Non-Uniform Memory Access (NUMA) fundamentally changes the performance model of multi-socket systems. On a NUMA machine, the time to access a byte of memory depends on which memory controller owns that byte and which CPU is requesting it. A 64-byte cache line fetch from local memory on a dual-socket Intel Xeon system takes approximately 80ns; the same fetch from the remote socket crosses the QPI/UPI interconnect and costs approximately 150-200ns — a 2-3x penalty.

The Linux scheduler's response to NUMA is a two-part system: automatic NUMA balancing (CONFIG_NUMA_BALANCING), which migrates tasks and pages to maximize locality, and the sched_domain hierarchy, which constrains load balancing to respect NUMA boundaries. Understanding both is critical for anyone tuning multi-socket database servers, HPC workloads, or any application that is memory-bandwidth-bound.

The core insight: scheduling and memory placement are inseparable on NUMA systems.
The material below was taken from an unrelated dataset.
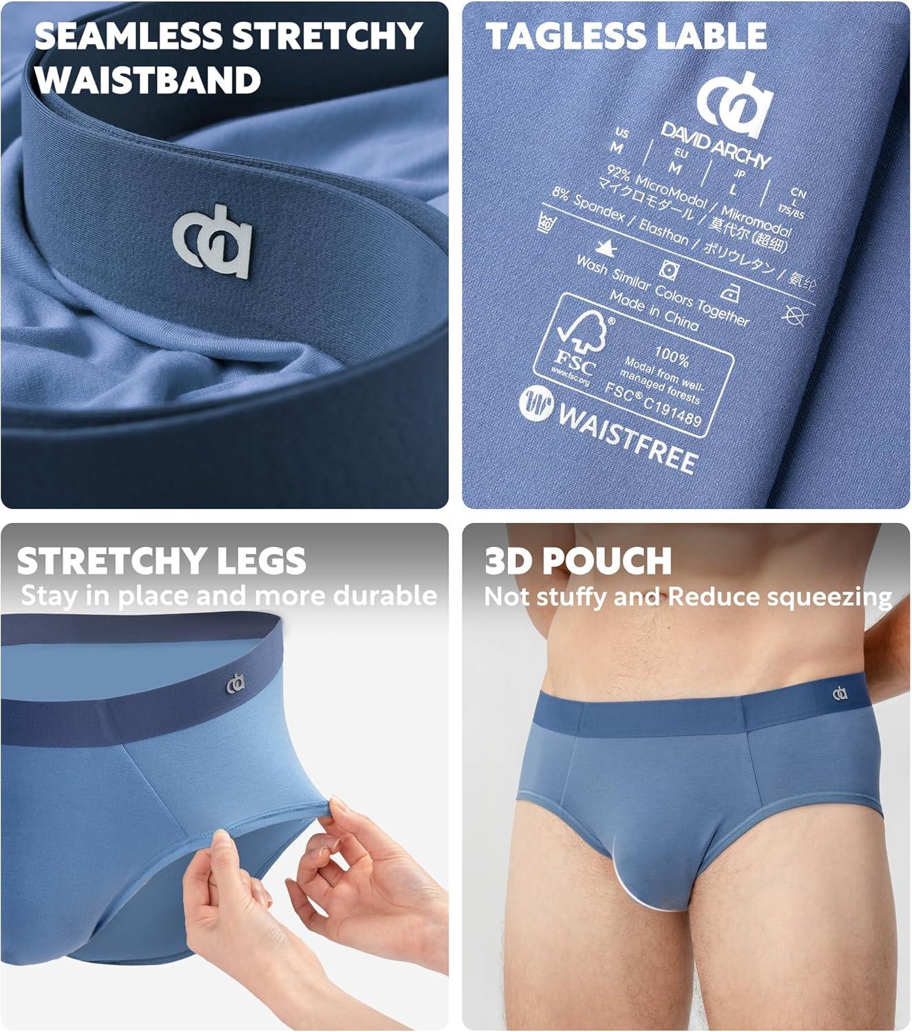DAVID ARCHY Seamless Men's Briefs Modal Ultra Soft Breathable No Fly Support Pouch Mens Underwear Briefs 4 Pack(Grey Blue/Black/Dark Grey/Grey Purple)
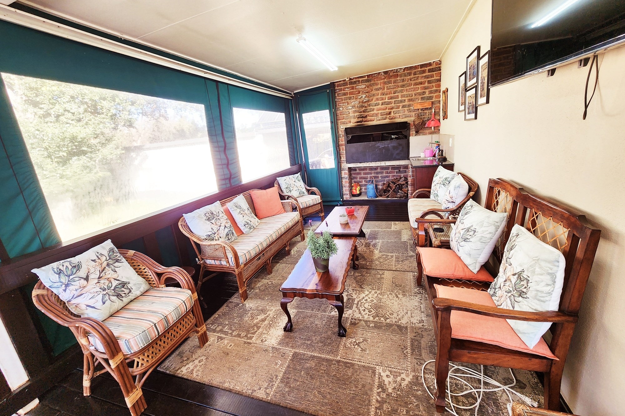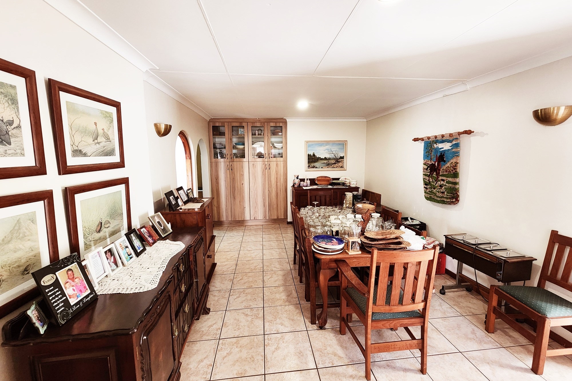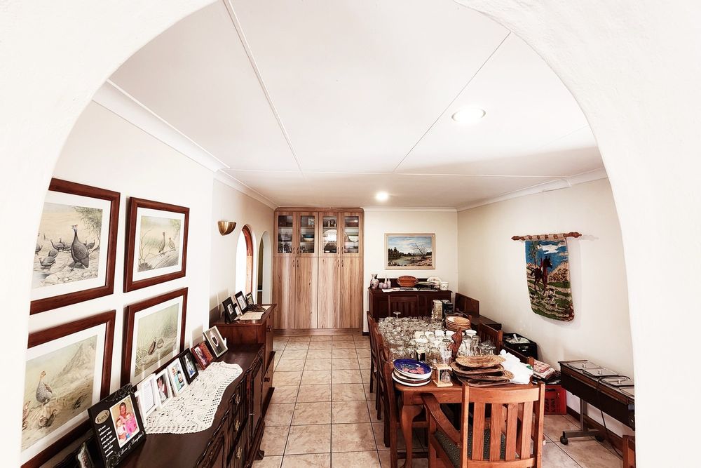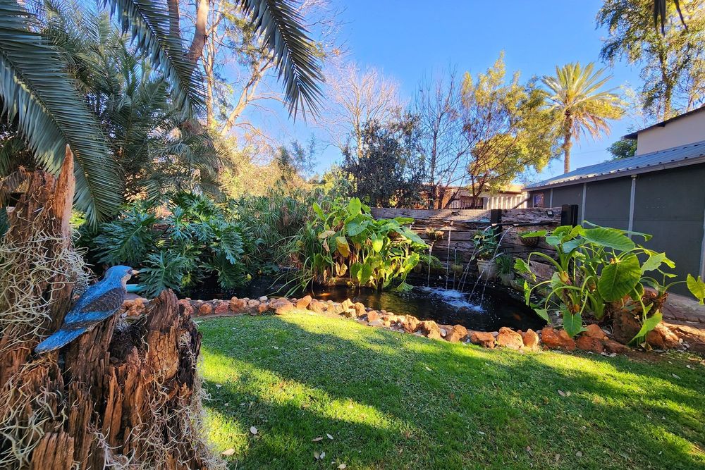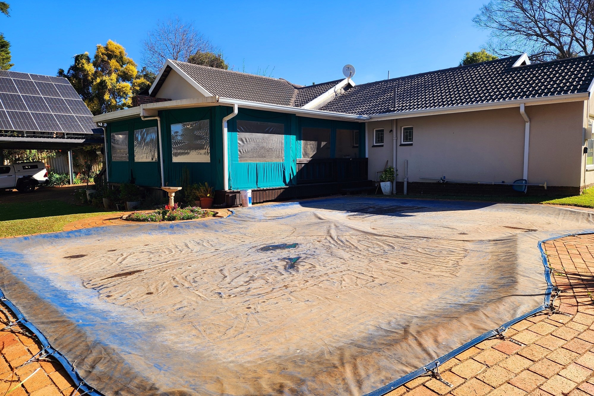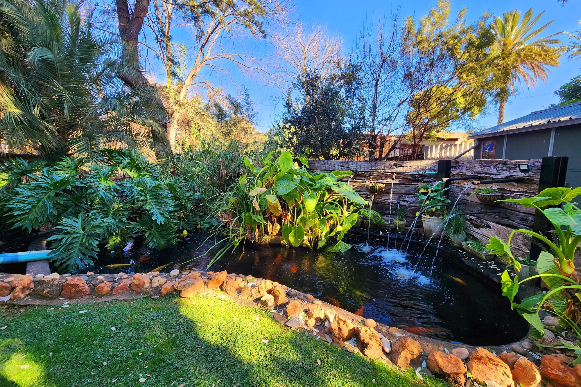Outdoors, the property shines with a range of amenities designed for leisure and relaxation. Dive into the swimming pool, host gatherings at the barbeque pit, or enjoy serene moments on the patio or veranda. The beautifully landscaped garden is supported by an strong bore hole and a irrigation system. There is also a Koi pond complete with koi fish while the playground offers entertainment for the younger members of the family. For convenience, the estate includes a 4-car garage with automatic doors and a 4 car covered carport plus another 2 car covered carport providing covered parking and space for up to 6 vehicles.

The scheduler cannot just ask "which CPU is least loaded?" — it must ask "which CPU is least loaded and has the fastest access to this task's memory pages?"

Prerequisites

01-scheduling-fundamentals.md (multi-core scheduling challenges)
03-linux-cfs.md (CFS runqueue and load balancing)
Understanding of cache hierarchy (L1/L2/L3)
Basic virtual memory concepts (pages, page tables, TLB)

NUMA Hardware Overview

Dual-Socket NUMA System:

┌─────────────────────────────────────────────────────────────────────┐
│                         Socket 0 (Node 0)                           │
│  ┌──────────┐  ┌──────────┐  ┌──────────┐  ┌──────────┐           │
│  │  Core 0  │  │  Core 1  │  │  Core 2  │  │  Core 3  │           │
│  │  L1: 32K │  │  L1: 32K │  │  L1: 32K │  │  L1: 32K │           │
│  │  L2: 1M  │  │  L2: 1M  │  │  L2: 1M  │  │  L2: 1M  │           │
│  └────┬─────┘  └────┬─────┘  └────┬─────┘  └────┬─────┘           │
│       └──────────────┴─────────────┴─────────────┘                 │
│                          L3: 32MB (shared)                          │
│                    ┌─────────────────────┐                          │
│                    │ Memory Controller 0  │                          │
│                    │  Local DRAM: 128GB   │ ← ~80ns latency         │
│                    └──────────┬──────────┘                          │
└───────────────────────────────┼─────────────────────────────────────┘
                                │ UPI/QPI Interconnect (~100ns)
┌───────────────────────────────┼─────────────────────────────────────┐
│                         Socket 1 (Node 1) │                          │
│  ┌──────────┐  ┌──────────┐  ┌──────────┐  ┌──────────┐           │
│  │  Core 4  │  │  Core 5  │  │  Core 6  │  │  Core 7  │           │
│  │  L1: 32K │  │  L1: 32K │  │  L1: 32K │  │  L1: 32K │           │
│  │  L2: 1M  │  │  L2: 1M  │  │  L2: 1M  │  │  L2: 1M  │           │
│  └────┬─────┘  └────┬─────┘  └────┬─────┘  └────┬─────┘           │
│       └──────────────┴─────────────┴─────────────┘                 │
│                          L3: 32MB (shared)                          │
│                    ┌─────────────────────┐                          │
│                    │ Memory Controller 1  │                          │
│                    │  Local DRAM: 128GB   │ ← ~80ns latency (local) │
│                    └─────────────────────┘   ~170ns from Socket 0  │
└─────────────────────────────────────────────────────────────────────┘

NUMA distances (from `numactl --hardware` on real systems):
  node 0 0: 10   (local, normalized)
  node 0 1: 21   (remote, 2.1x penalty)
  node 1 0: 21
  node 1 1: 10

On 4-socket EPYC systems, multi-hop distances can reach 32-38.

sched_domain Hierarchy

The scheduler models the machine topology as a hierarchy of scheduling domains. Each domain defines a set of CPUs that share a resource (cache, memory controller, interconnect) and has policies governing how aggressively to balance within it.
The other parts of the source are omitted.